____ MATERIAL TO PROCESS
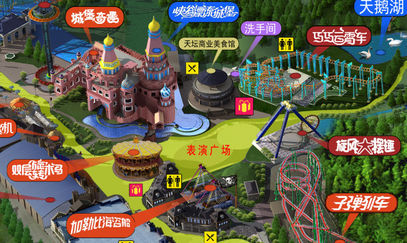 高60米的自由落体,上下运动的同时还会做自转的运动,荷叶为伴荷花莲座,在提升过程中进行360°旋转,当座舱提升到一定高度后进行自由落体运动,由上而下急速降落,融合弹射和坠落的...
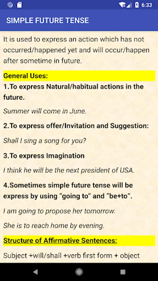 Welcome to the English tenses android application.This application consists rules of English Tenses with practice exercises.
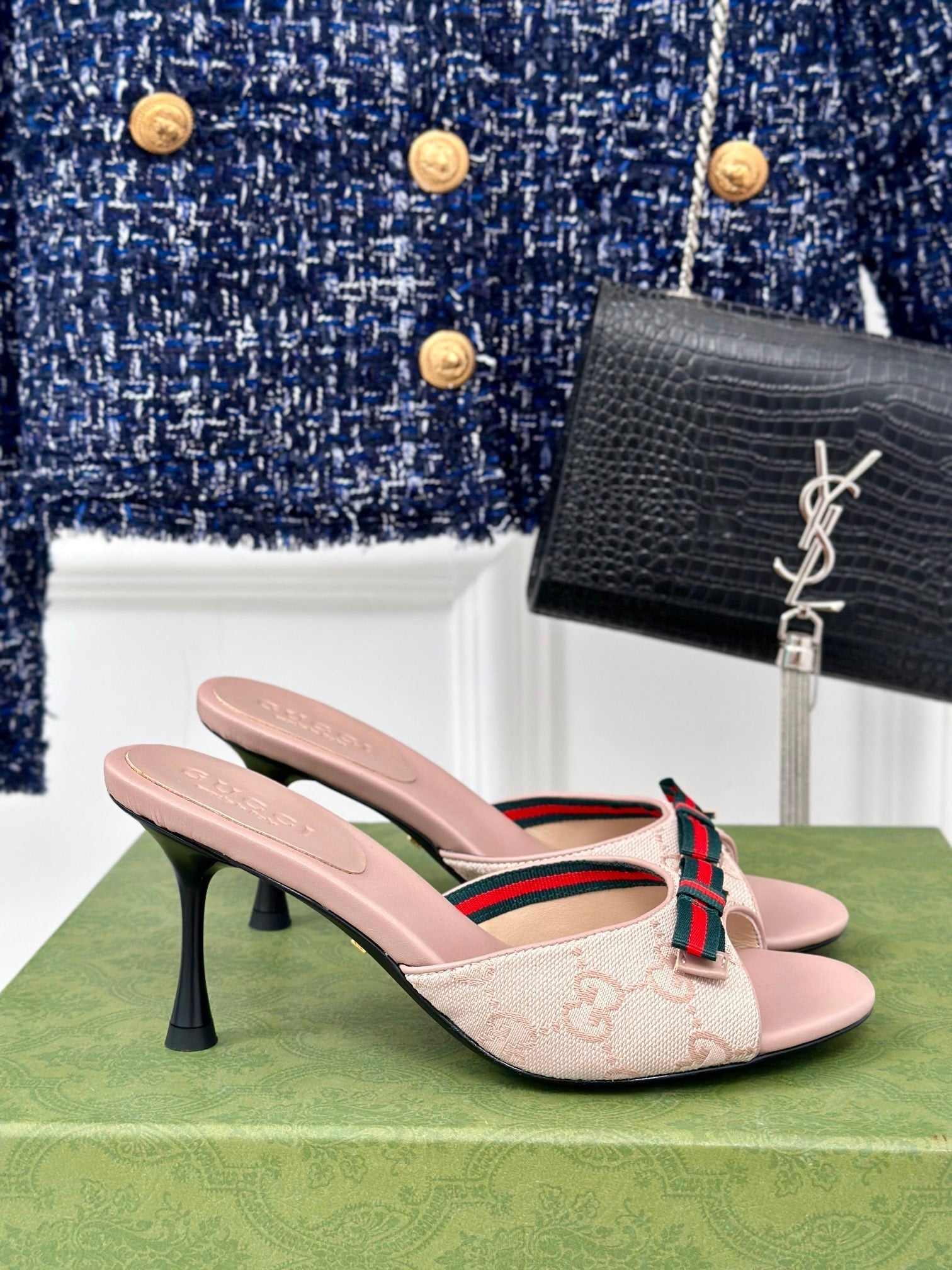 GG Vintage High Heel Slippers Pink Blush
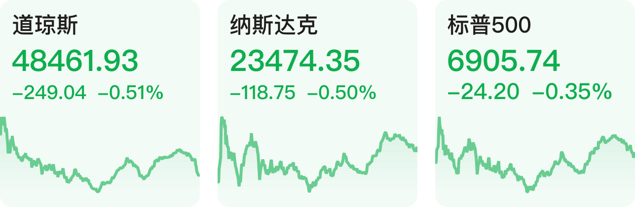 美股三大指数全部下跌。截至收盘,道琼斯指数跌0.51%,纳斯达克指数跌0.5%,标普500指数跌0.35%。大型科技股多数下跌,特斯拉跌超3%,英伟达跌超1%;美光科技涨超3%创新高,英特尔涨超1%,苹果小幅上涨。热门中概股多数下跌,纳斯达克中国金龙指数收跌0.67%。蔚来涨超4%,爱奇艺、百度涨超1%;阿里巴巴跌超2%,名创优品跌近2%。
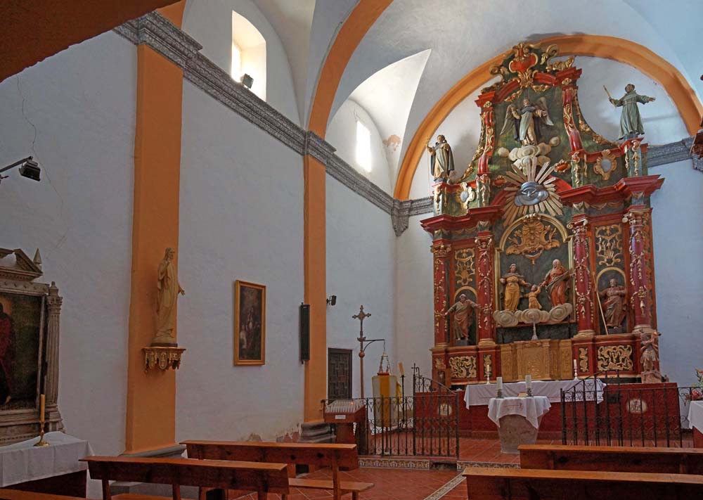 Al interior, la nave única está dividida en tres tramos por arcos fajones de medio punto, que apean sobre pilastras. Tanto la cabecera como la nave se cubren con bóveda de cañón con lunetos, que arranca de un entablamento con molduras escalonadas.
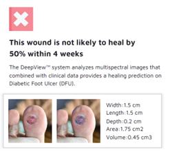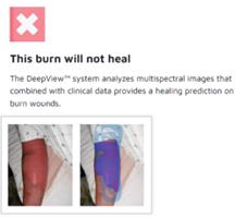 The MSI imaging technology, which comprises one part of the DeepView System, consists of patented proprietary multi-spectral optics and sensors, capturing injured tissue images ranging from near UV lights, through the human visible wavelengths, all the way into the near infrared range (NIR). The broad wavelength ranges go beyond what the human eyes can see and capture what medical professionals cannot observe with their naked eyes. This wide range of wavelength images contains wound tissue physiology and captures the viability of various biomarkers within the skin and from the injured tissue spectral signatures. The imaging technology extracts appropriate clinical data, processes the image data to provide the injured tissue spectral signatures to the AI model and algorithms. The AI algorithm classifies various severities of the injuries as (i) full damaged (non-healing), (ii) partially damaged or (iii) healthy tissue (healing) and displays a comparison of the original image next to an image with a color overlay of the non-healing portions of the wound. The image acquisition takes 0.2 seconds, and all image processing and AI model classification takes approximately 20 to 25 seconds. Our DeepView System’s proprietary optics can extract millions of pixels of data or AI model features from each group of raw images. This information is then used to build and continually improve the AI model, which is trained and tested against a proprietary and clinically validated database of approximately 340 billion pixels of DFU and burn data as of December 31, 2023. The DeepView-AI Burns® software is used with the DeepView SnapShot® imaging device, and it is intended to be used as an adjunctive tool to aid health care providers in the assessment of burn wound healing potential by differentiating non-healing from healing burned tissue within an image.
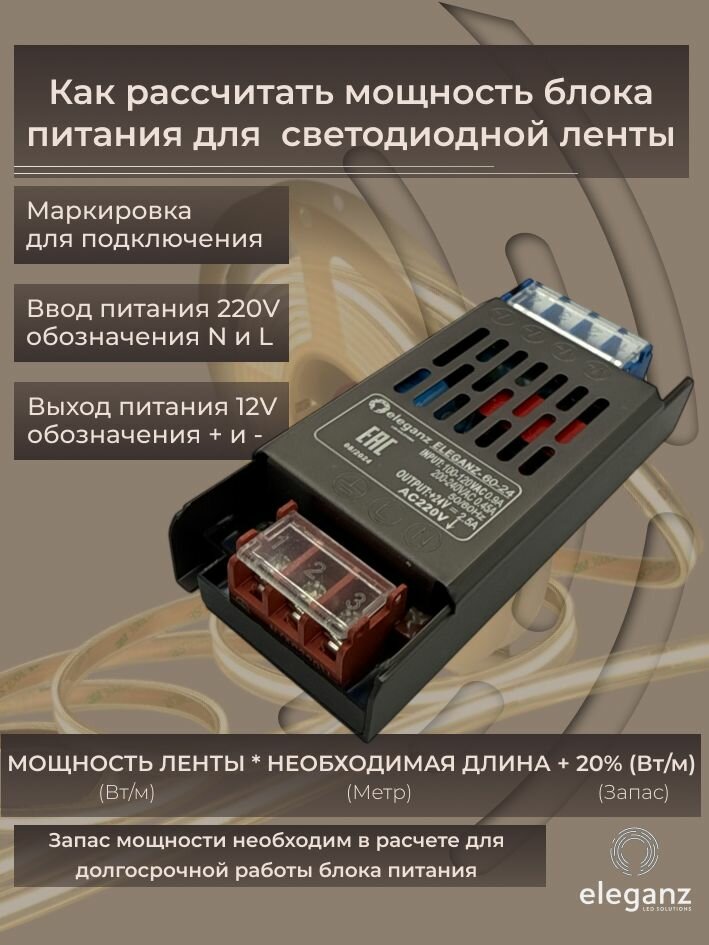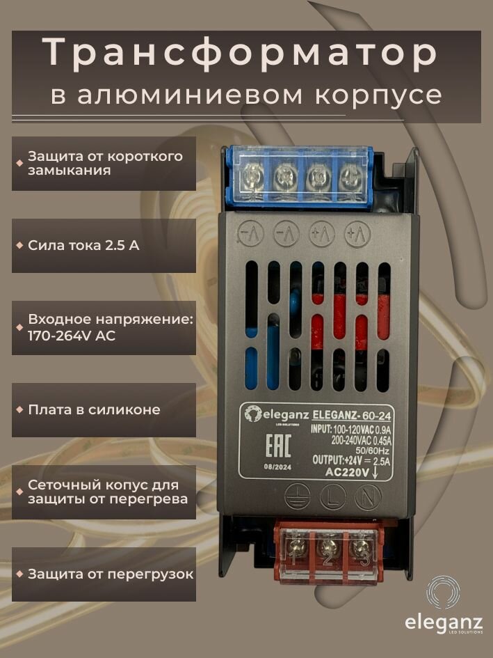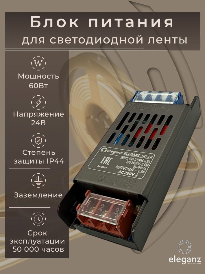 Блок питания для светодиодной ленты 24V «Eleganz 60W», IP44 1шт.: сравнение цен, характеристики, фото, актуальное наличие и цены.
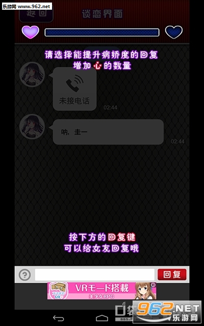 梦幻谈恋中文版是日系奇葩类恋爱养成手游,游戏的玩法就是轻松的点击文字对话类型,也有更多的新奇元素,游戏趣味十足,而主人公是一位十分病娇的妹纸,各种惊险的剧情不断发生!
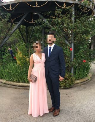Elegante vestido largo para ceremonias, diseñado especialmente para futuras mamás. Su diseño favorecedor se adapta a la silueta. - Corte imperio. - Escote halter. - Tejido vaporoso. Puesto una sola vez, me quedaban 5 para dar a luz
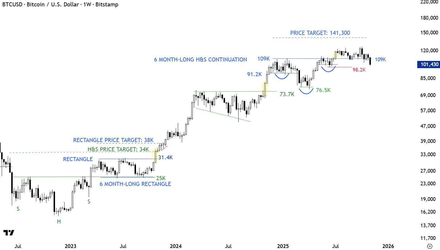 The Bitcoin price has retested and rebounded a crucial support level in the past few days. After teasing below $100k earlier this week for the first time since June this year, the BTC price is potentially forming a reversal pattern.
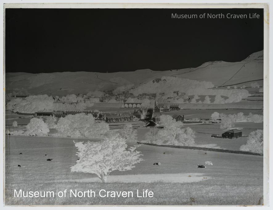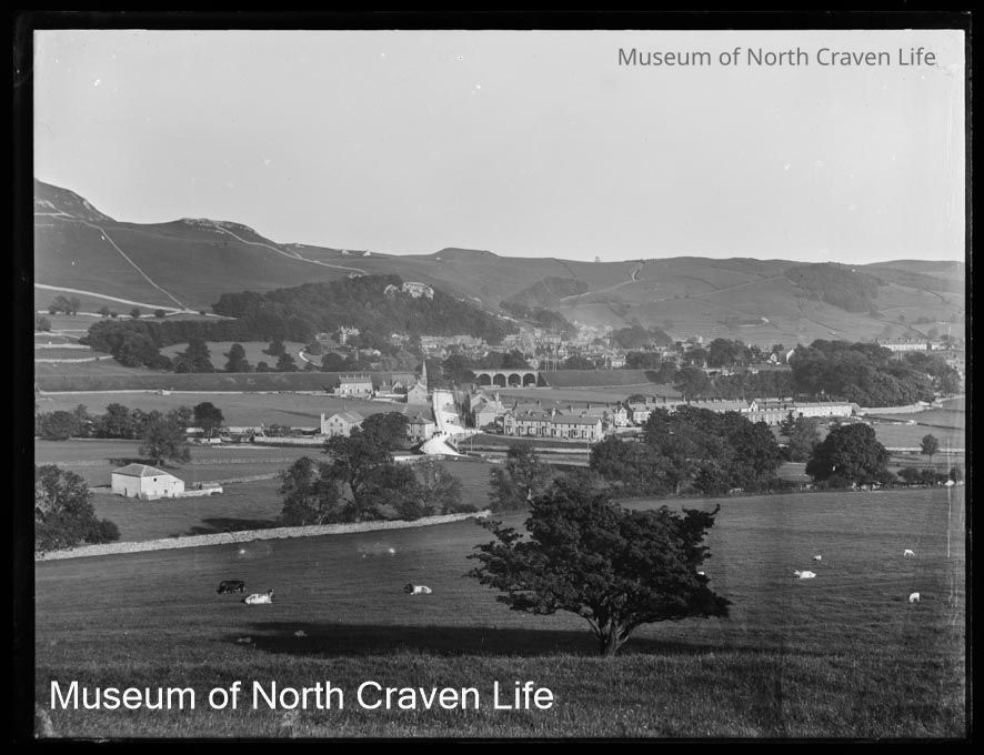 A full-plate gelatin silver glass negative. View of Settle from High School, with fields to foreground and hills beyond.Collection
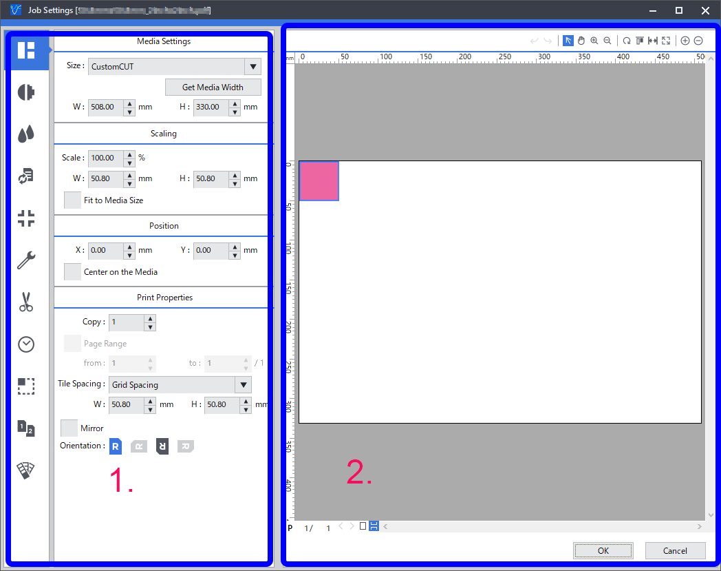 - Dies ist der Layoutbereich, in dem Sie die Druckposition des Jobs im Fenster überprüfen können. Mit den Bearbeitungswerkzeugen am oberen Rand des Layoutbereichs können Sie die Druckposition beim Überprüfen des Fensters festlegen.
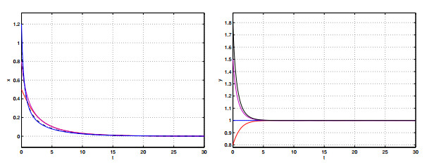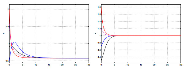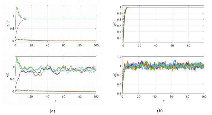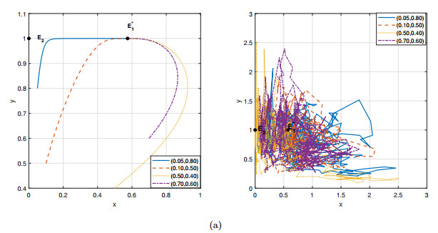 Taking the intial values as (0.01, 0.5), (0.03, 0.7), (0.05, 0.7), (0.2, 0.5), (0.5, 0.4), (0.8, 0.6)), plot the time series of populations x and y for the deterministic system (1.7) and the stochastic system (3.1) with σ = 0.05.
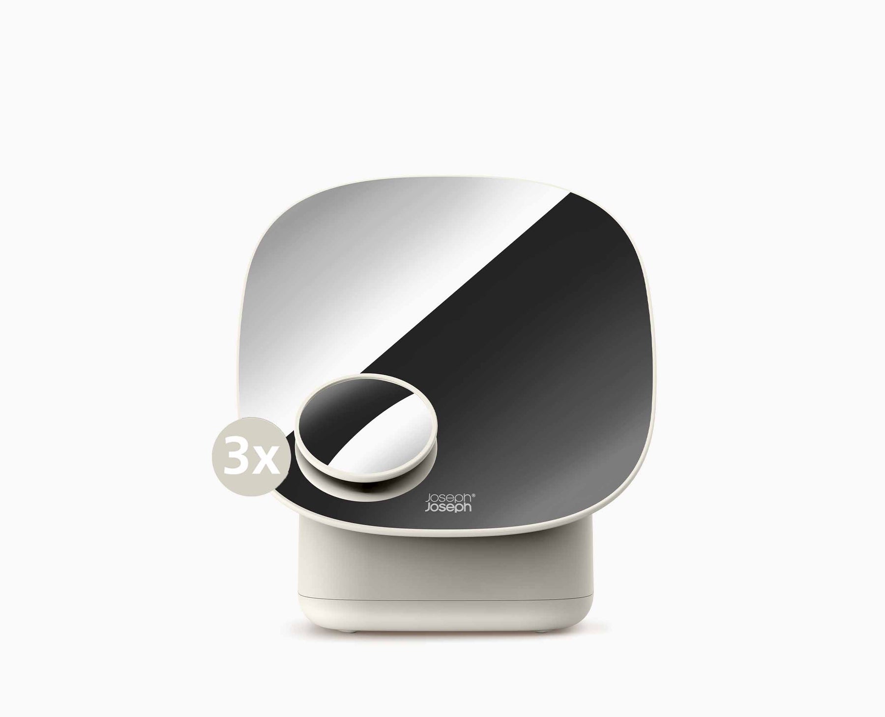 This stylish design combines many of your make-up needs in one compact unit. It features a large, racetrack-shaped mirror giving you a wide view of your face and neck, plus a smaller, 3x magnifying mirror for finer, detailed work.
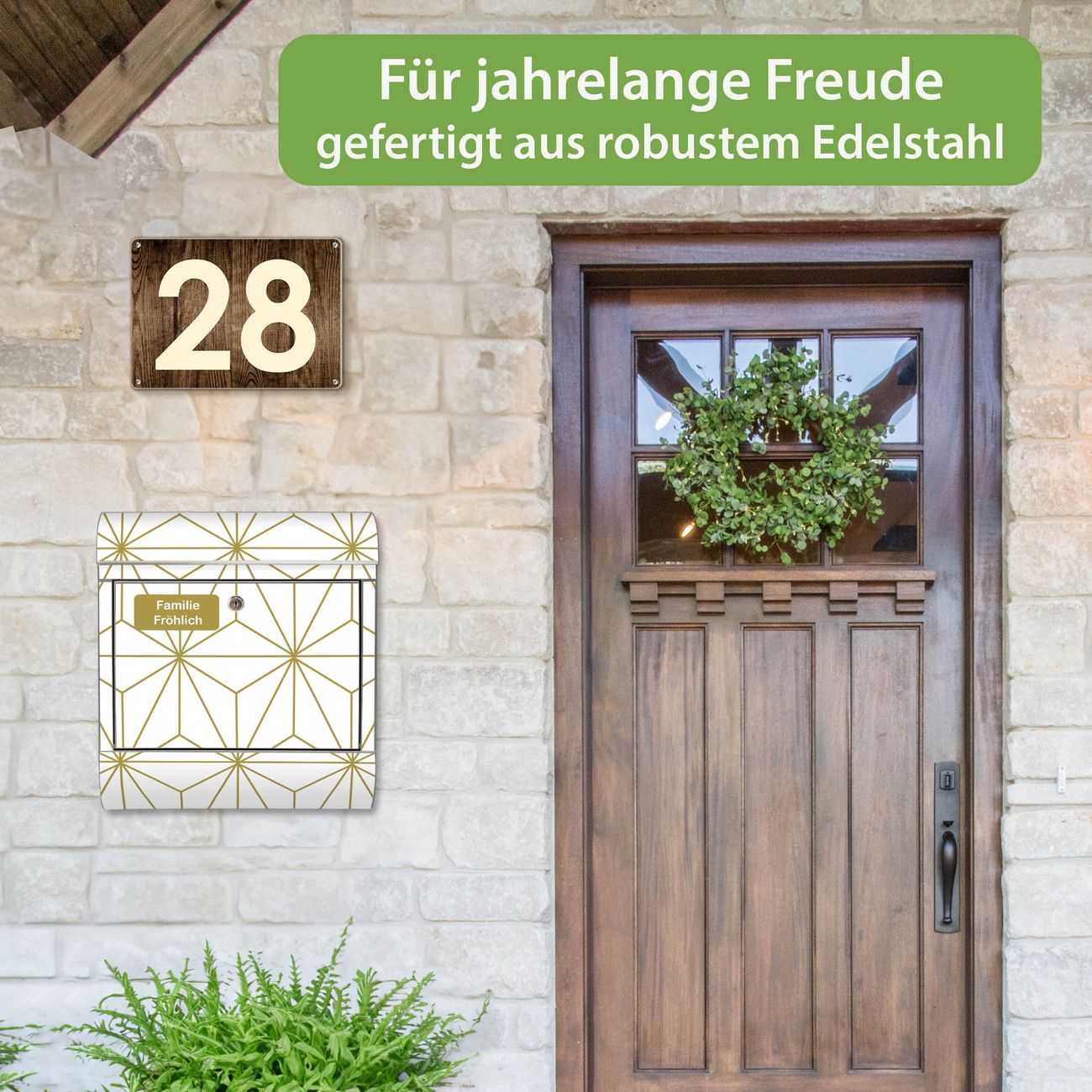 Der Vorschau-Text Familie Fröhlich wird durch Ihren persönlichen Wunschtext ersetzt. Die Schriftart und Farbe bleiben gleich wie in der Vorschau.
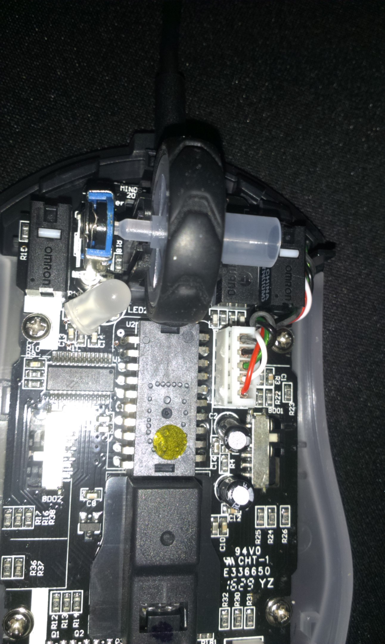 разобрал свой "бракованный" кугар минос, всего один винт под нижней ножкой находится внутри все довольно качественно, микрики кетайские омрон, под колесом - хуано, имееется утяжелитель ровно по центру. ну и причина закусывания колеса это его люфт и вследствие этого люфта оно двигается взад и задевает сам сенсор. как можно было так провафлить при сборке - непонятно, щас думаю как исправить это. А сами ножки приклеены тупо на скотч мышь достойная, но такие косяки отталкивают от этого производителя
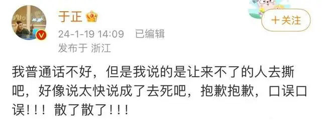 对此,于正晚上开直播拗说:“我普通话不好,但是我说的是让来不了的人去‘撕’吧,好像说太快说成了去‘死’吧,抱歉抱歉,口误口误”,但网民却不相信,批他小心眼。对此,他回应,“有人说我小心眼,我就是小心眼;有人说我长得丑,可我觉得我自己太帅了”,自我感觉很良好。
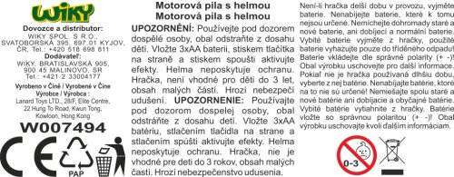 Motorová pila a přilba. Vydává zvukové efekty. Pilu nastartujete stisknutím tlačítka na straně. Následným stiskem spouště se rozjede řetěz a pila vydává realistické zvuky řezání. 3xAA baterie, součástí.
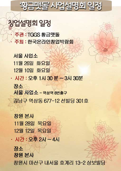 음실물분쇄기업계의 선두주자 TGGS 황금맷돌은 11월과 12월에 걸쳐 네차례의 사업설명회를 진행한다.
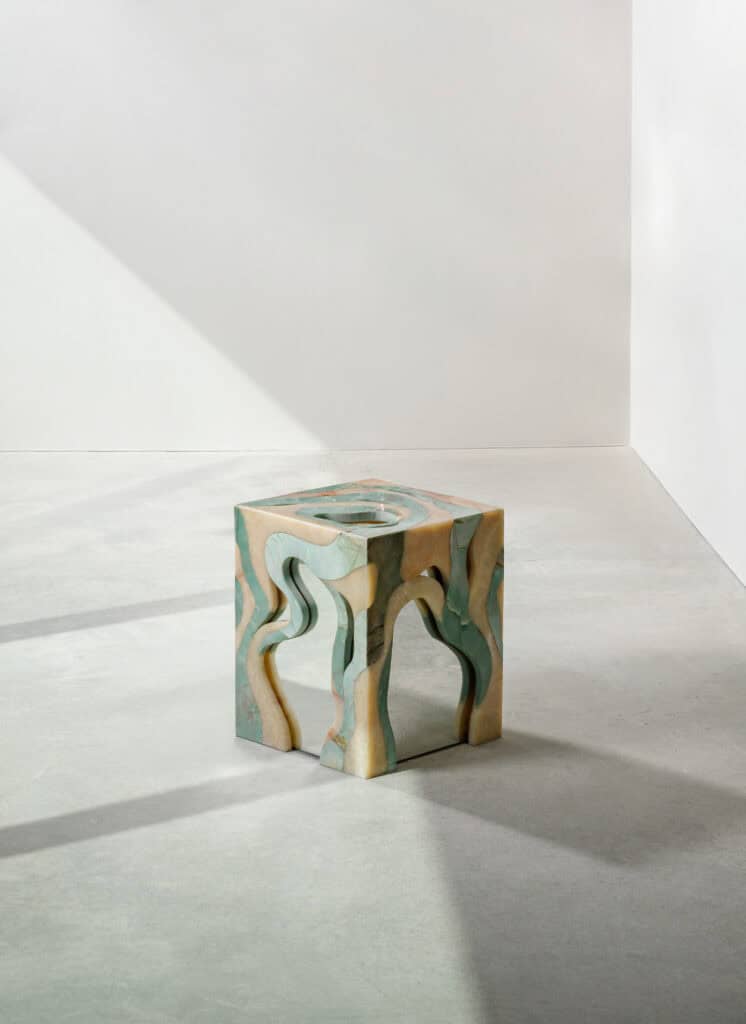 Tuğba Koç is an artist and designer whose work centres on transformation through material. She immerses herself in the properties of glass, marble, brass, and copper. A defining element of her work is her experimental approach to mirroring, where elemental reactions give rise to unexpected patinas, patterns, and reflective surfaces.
________
▸ **TASK TO CARRY OUT**
Only lines belong in the copy, not pictures: write out exactly the lines of the records from the first through the one holding "美股三大指数全部下跌。截至收".

▸ **TASK ANSWER**
 高60米的自由落体,上下运动的同时还会做自转的运动,荷叶为伴荷花莲座,在提升过程中进行360°旋转,当座舱提升到一定高度后进行自由落体运动,由上而下急速降落,融合弹射和坠落的...
 Welcome to the English tenses android application.This application consists rules of English Tenses with practice exercises.
 GG Vintage High Heel Slippers Pink Blush
 美股三大指数全部下跌。截至收盘,道琼斯指数跌0.51%,纳斯达克指数跌0.5%,标普500指数跌0.35%。大型科技股多数下跌,特斯拉跌超3%,英伟达跌超1%;美光科技涨超3%创新高,英特尔涨超1%,苹果小幅上涨。热门中概股多数下跌,纳斯达克中国金龙指数收跌0.67%。蔚来涨超4%,爱奇艺、百度涨超1%;阿里巴巴跌超2%,名创优品跌近2%。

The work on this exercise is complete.